Mardi soir, il n’y avait toujours pas de solution à l’horizon.  « Il y a des conditions pour commander des produits pétroliers en Haïti. Le bateau est là mais n’aurait même pas dû entrer dans les eaux territoriales haïtiennes », a indiqué une source proche de ces négociations. « Il y a des normes à respecter. On ne peut pas vouloir prendre l’État à la gorge ni mettre en avant des intérêts particuliers », a indiqué cette source. 

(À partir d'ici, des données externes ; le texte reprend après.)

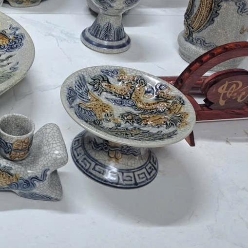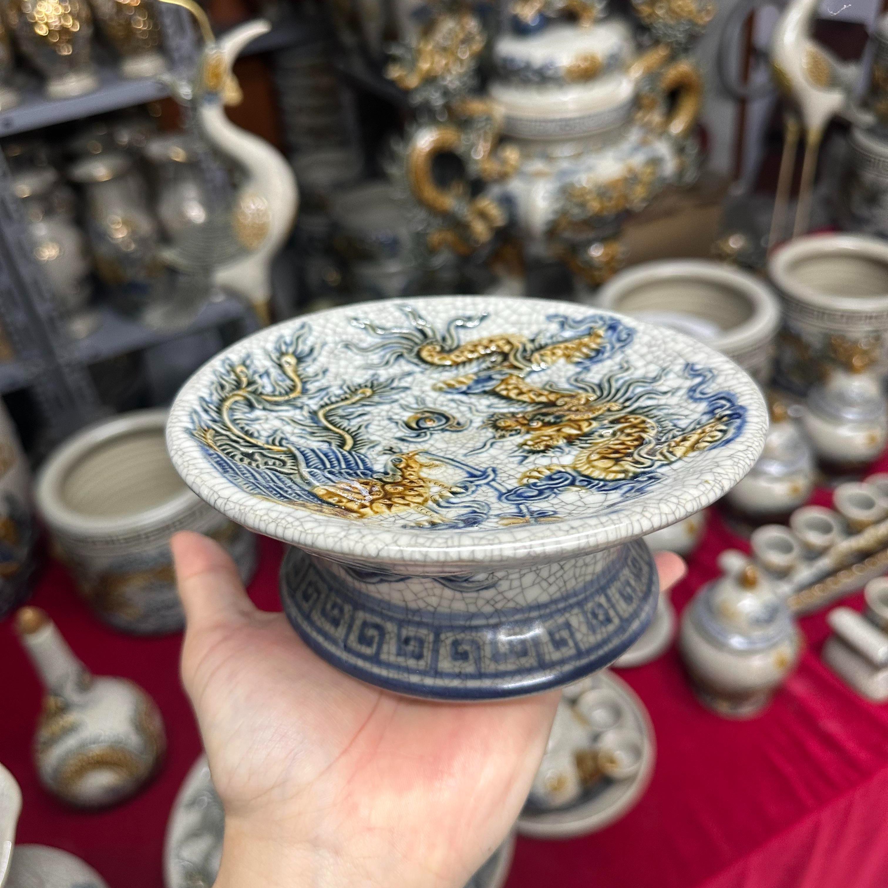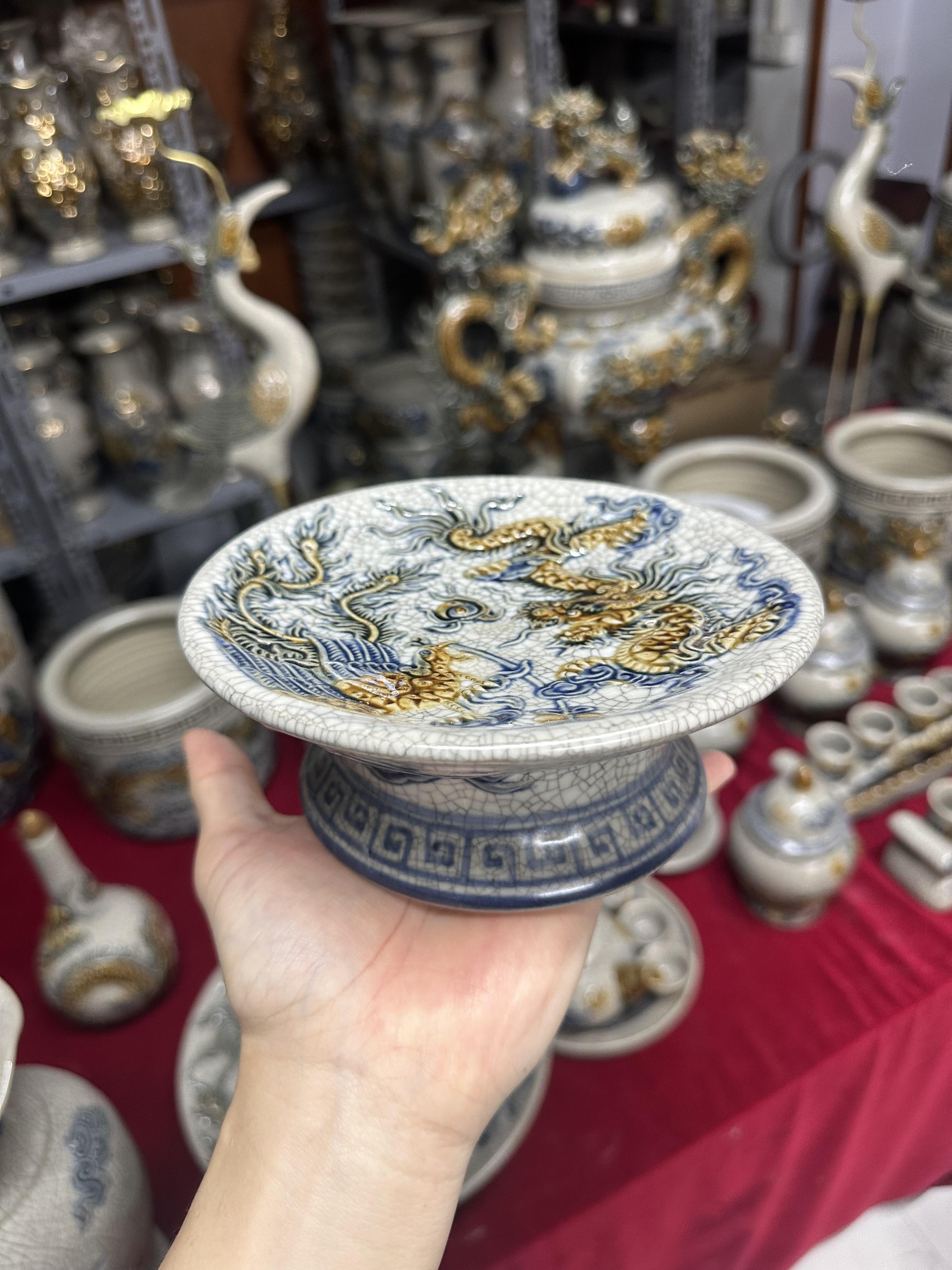 * Các hoa văn họa tiết như hình rồng, phượng, hoa, mây, sóng thủy ba,… được đắp nổi hoặc khắc chìm lên sản phẩm, các hoa văn này sẽ được sử dụng một loại men khác để vẽ lên, có thể là men ngọc, men nâu,… Sự kết hợp giữa các dòng men được người thợ Bát Tràng sử dụng nhuần nhuyễn và cho ra lò những sản phẩm đáp ứng nhu cầu cao của Khách hàng.

« Le dossier n’est plus au niveau du BMPAD », a confié une source proche de cette institution. Entre-temps, le journal a appris que les compagnies pétrolières ne disposent que de quelques jours d’approvisionnement. Le gasoil- dont le volume n’est pas précisé par des sources officielles- transporté par Novum Energy est attendu à Port-au-Prince entre le 3 et le 5 juillet. 
« Ce bras de fer envoi une très mauvaise image d’Haïti par rapport aux investisseurs étrangers. Il y a un capital confiance que l’on grille de manière enfantine et à cause, entre-autres, d’un problème d’ego. Mais en tout état de cause et quelles que soient les hypothèses, des partenaires appelés à travailler ensemble n’auraient pas dû laisser la situation dégénérer. Il n'y a au fait que des perdants dans cette affaire. Le paiement de frais de wharfage et autres ne pénaliseront pas les compagnies pétrolières qui ont les reins solides. La question est, est-ce que le président Jovenel Moïse peut laisser se produire une crise, une rarété de produits pétroliers à cause de ce différend », a longuement expliqué un observateur très au courant de ce dossier. Actuellement, les reponsables de Total et de Dinassa ne sont pas en Haïti. Attendons-voir », a-t-il indiqué.